In accordance with an aspect of the present invention, the resin layer has an average peak-to-valley distance (Sm) in a range of 50 μm to 200 μm on the top surface thereof.
In accordance with an aspect of the present invention, the resin layer has Macbeth reflection density of 2.7 or more on the top surface thereof.
In accordance with an aspect of the present invention, the resin layer has an arithmetic mean roughness (Ra) in a range of 0.08 μm to 0.25 μm on the top surface thereof.
The optical film in the present invention can balance anti-glare effect, high contrast, color reproducibility, and anti-glittering. When the optical film in the present invention is used for the display surface, display devices can show with high-resolution and good visibility. In addition, production costs can be reduced by decreasing the number of coating steps.

BEST MODE FOR CARRYING OUT THE INVENTION

As a transparent substrate used for the present invention, glasses such as a fused silica glass, a soda glass, etc., can be used. In addition, various resin films such as PET, TAC, polyethylene naphthalate (PEN), polymethyl methacrylate (PMMA), polycarbonate (PC), polyimide (PI), polyethylene (PE), polypropylene (PP), polyvinyl alcohol (PVA), polyvinyl chloride (PVC), cyclo olefin copolymer (COC), including norbornene resin, polyether sulfone, cellophane, and aromatic polyamide, etc., can be also used as the transparent substrate suitably.
It is preferable that transparency of these transparent substrates is higher. A total light transmittance (JIS K7361-1) is preferably 80% or more, and is more preferably 90% or more. In a viewpoint of lightening, it is preferable that thickness of the transparent substrate is thinner. In consideration of handling when the optical films are manufactured, thickness of the transparent substrate is preferably in a range of 1 μm to 700 μm, more preferably 25 μm to 250 μm.
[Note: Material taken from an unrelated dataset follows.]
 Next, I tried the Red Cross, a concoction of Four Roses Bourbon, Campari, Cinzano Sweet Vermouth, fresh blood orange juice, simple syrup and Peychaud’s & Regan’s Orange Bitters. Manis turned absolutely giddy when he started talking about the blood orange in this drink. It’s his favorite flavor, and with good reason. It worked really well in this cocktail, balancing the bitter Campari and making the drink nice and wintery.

In addition, the transparent substrate is given the surface treatments such as alkali treatment, corona treatment, plasma treatment, sputter treatment, etc., or is given the coating treatments such as surfactants coating, silane coupling agents coating, etc., or is given the surface modification treatments such as silicon evaporation, etc. As a result, an adhesive performance between the transparent substrate and the resin layer can be improved.
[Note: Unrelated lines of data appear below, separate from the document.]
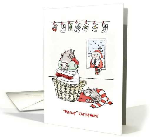 This cute Christmas card features two cats who are sleeping on freshly washed laundry on Christmas Eve. Santa Claus is at the window, ready to leave them a present.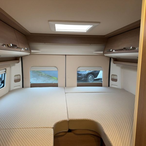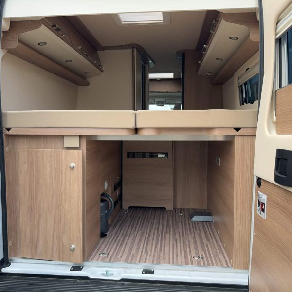 - Betten: Zwei Einzelbetten im Heck, die zu einer größeren Schlaffläche kombiniert werden können.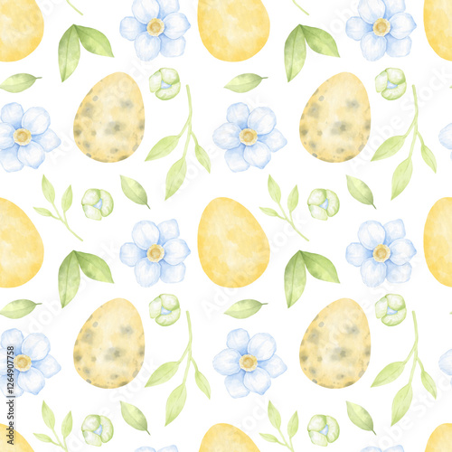 Easter eggs, leaves, flowers. Seamless watercolor pattern in pastel colors. Cute spring illustration for Easter

As the radiation-curable resin composition containing in the resin layer used for the present invention, monomer, oligomer, and prepolymer having radical polymerizable functional group such as acryloyl group, methacryloyl group, acryloyl oxy group, methacryloyl oxy group, etc., or having cationic polymerizable functional group such as epoxy group, vinyl ether group, oxetane group, etc., can be used by alone or by mixing suitably. As examples of monomer, it is possible to mention methyl acrylate, methyl methacrylate, methoxy polyethylene methacrylate, cyclohexyl methacrylate, phenoxyethyl methacrylate, ethylene glycol dimethacrylate, dipenta erythritol hexacrylate, trimethylol propane trimethacrylate, etc. As examples of oligomer, prepolymer, it is possible to mention acrylate compounds such as polyester acrylate, polyurethane acrylate, epoxy acrylate, polyether acrylate, alkyd acrylate, melamine acrylate, silicone acrylate, etc., or to mention epoxy compounds such as unsaturated polyester, tetramethylene glycol diglycidyl ether, propylene glycol diglycidyl ether, neopentyl glycol diglycidyl ether, bisphenol A diglycidyl ether, various cycloaliphatic epoxy, etc., or to mention oxetane compounds such as 3-ethyl-3-hydroxylmethyl oxetane, 1,4-bis {[(3-ethyl-3-oxetanyl)methoxy]methyl}benzene, di[1-ethyl(3-oxetanyl)]methyl ether, etc. This radiation-curable resin composition can be used by alone or by mixing a plurality thereof.
The above-mentioned radiation-curable resin composition can cure alone by electron beam irradiation. When the radiation-curable resin composition cures by ultraviolet irradiation, it is necessary to add a photopolymerization initiator. As the photopolymerization initiator, radical polymerization initiators such as acetophenone series, benzophenone series, thioxanthone series, benzoin, benzoin methyl ether, etc., or cationic polymerization initiators such as aromatic diazonium salt, aromatic sulfonium salt, aromatic iodonium salt, metallocene compound, etc., can be used by alone or by combining suitably.
In the present invention, in addition to the above-mentioned radiation-curable resin composition, a polymer resin can be added in the range of not interrupting the polymerization and the curing. This polymer resin is a thermoplastic resin which is soluble in an organic solvent used for the later-describing coating material for the resin layer. Specifically, it is possible to mention acrylic resin, alkyd resin, polyester resin, etc. It is preferable that these resins have acid functional groups such as carboxyl group, phosphate group, sulfonic acid group, etc.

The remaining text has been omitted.